Why Fuel Prices Will Come Down


The 42% rise in fuel prices during the last six months did not occur because
Chinese car sales are up 18% this year. Rather there has been a confluence of factors
that have spiked fuel prices almost straight up, and many analysts feel they can
be expected to drop back into the low $3 range next spring, if not sooner. Oil traders
say that one of the reasons oil prices shot skyward this spring is that China began
bulking up on oil to make sure they had plenty for this summer's Olympic Games.
We have been through this high fuel price hysteria in the U.S. before, and guess
what has always happened in the past? Just as Congress is beginning to think about
thinking about an energy policy, fuel prices come down just in time for GM bring
to bring out a new high-margin gas guzzler to save its bacon. Things are different
this time, you say? Indeed they are. As reported on the front page of Monday's New
York Times, many nations -- in fact over half the world -- are subsidizing the price
of fuel.





Subsidy1

Subsidy 2


From the New York Times, 7-28-08 --


From Mexico to India to China, governments fearful of inflation and street protests
are heavily subsidizing energy prices, particularly for diesel fuel. But the subsidies
— estimated at $40 billion this year in China alone — are also removing much of
the incentive to conserve fuel.

Subsidies Responsible for Increased
Oil Use

The oil company BP, known for thorough statistical analysis of energy markets,
estimates that countries with subsidies accounted for 96 percent of the world’s
increase in oil use last year — growth that has helped drive prices to record levels.

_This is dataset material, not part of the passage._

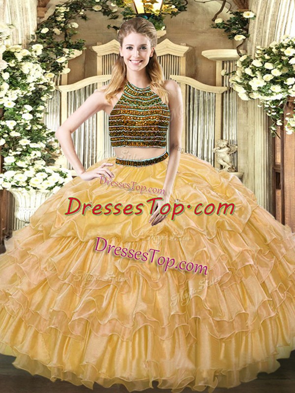 Gold Ball Gowns Organza Halter Top Sleeveless Beading and Ruffled Layers Floor Length Zipper Quinceanera Gowns
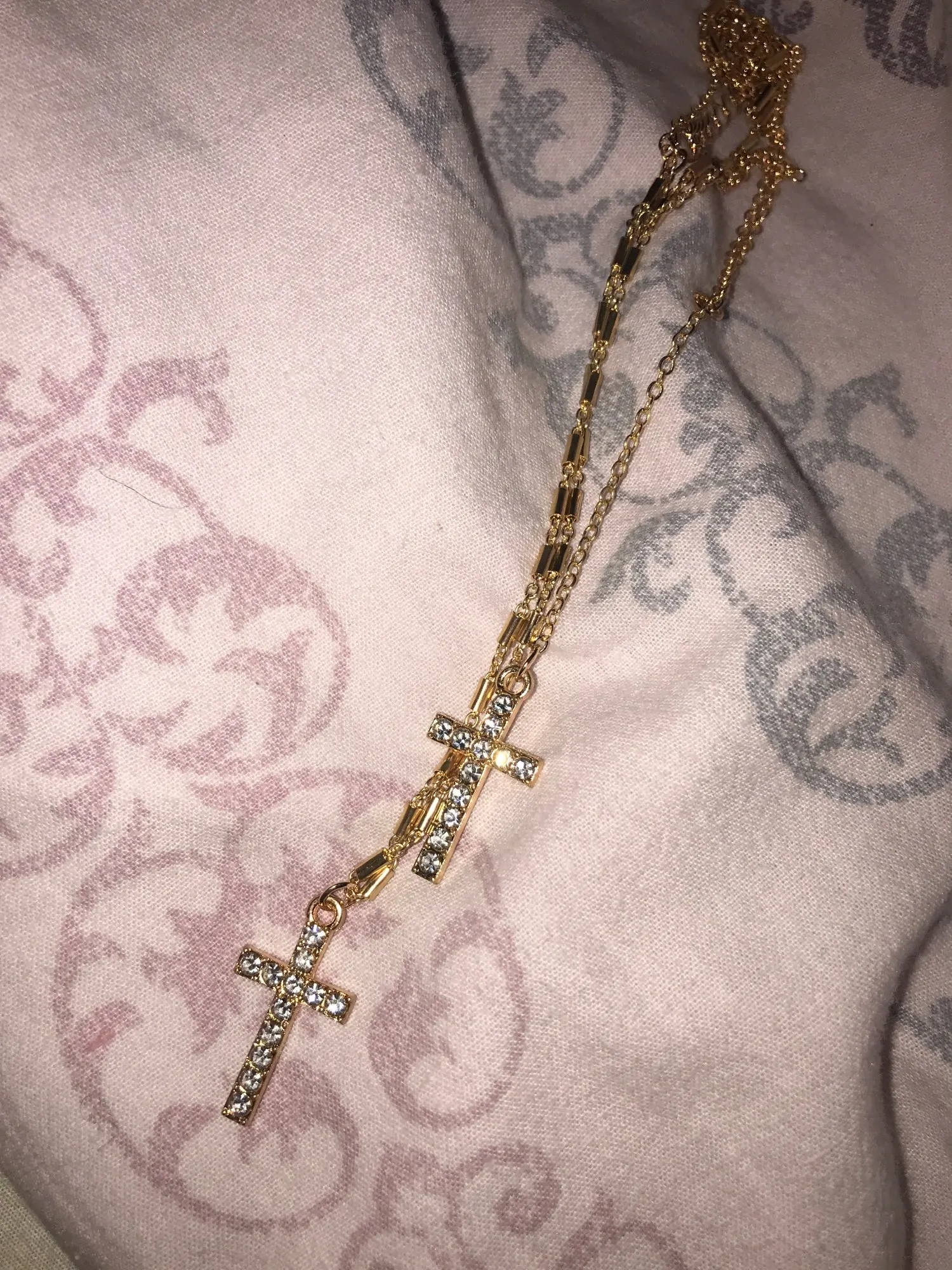 Ожерелье нормальное как изделие, но зачем было описывать его, как золотое украшение (то есть желтое - под золото). Крестики и цепочки белые (под серебро). Или продавец перепутал или описание не соответствует.

In most countries that do not subsidize fuel, high prices have caused oil demand
to stagnate or fall, as economic theory says they should. But in countries with
subsidies, demand is still rising steeply, threatening to outstrip the growth in
global supplies.

The Pendulum Swing



Indeed, the biggest question hanging over global oil markets these days may be how
much longer countries can keep paying the high cost of subsidizing their consumers.
If enough countries start passing the true cost of oil through to their citizens,
many economists believe, demand growth will slow, bringing the oil market into better
balance and lowering prices — although the long-term economic rise of China and
other populous countries makes it unlikely that gasoline prices will plunge back
to the levels of several years ago.



China raised gasoline and diesel prices on June 21, though still keeping them below
world levels. World oil prices plunged more than $4 a barrel within minutes on the
expectation that Chinese demand would slow.



In Indonesia, the government spends six times as much on energy subsidies as it
does on agricultural investments, even as rice prices have skyrocketed this year.



Many countries, like India, have raised oil prices considerably in recent months,
only to watch world prices climb even further, pushing up the cost of subsidies
once again. China’s estimated $40 billion in subsidies this year is up from $22
billion last year, mainly for this reason, although consumption has also risen,
with Chinese buying 18 percent more cars in the first half of this year than in
the period a year earlier.


In Countries without Exxon



Political pressures and inflation concerns continue to prevent many countries —
particularly in Asia, where inflation has become an acute problem — from ending
subsidies and letting domestic prices bounce up and down.



“You talk about subsidies, you’re not only talking about the economy, you’re talking
about politics,” said Purnomo Yusgiantoro, Indonesia’s minister of energy and mineral
resources. He ruled out further price increases this year beyond one in May that
raised the price of diesel and regular gasoline to $2.30 a gallon.



Indonesia spends more on fuel subsidies, $20 billion this year, than any country
except China. Some economists estimate that fuel use in Indonesia would fall by
as much as a fifth if the government were to eliminate subsidies entirely.



Before adjusting the prices, Malaysia was spending 7.5 percent of its entire economic
output on fuel subsidies, a greater share than any other nation. Indonesia follows
with 4 percent.



Coming elections in Indonesia and India make further subsidy reductions less likely
in both countries. And big oil exporters like Saudi Arabia have so much revenue
right now that they can easily afford to subsidize fast-growing domestic demand.


Diesel Subsidies Raise U.S. Prices



In Asia, subsidies have been particularly prevalent for diesel, although many countries
subsidize gasoline as well. The subsidies have been an important reason diesel prices
have climbed almost twice as quickly as gasoline prices have over the last year
in the United States.



Many governments see diesel as more important because truckers and ship captains
need it to distribute goods; if diesel prices rise, consumer prices often follow.
Diesel is essentially the same fuel as heating oil, so high diesel prices mean high
prices for heating oil. Spiraling prices already have some in the Northeast United
States worried about how families will afford to heat their homes this winter.



To be sure, subsidies are not the only cause of high crude oil prices. Strong global
economic growth, particularly in Asia, is requiring a lot of energy. Political tensions
between the United States and Iran and market psychology have played a role.



China2

India3
The good old days in China and India are gone.
But how long can the world subsidize oil?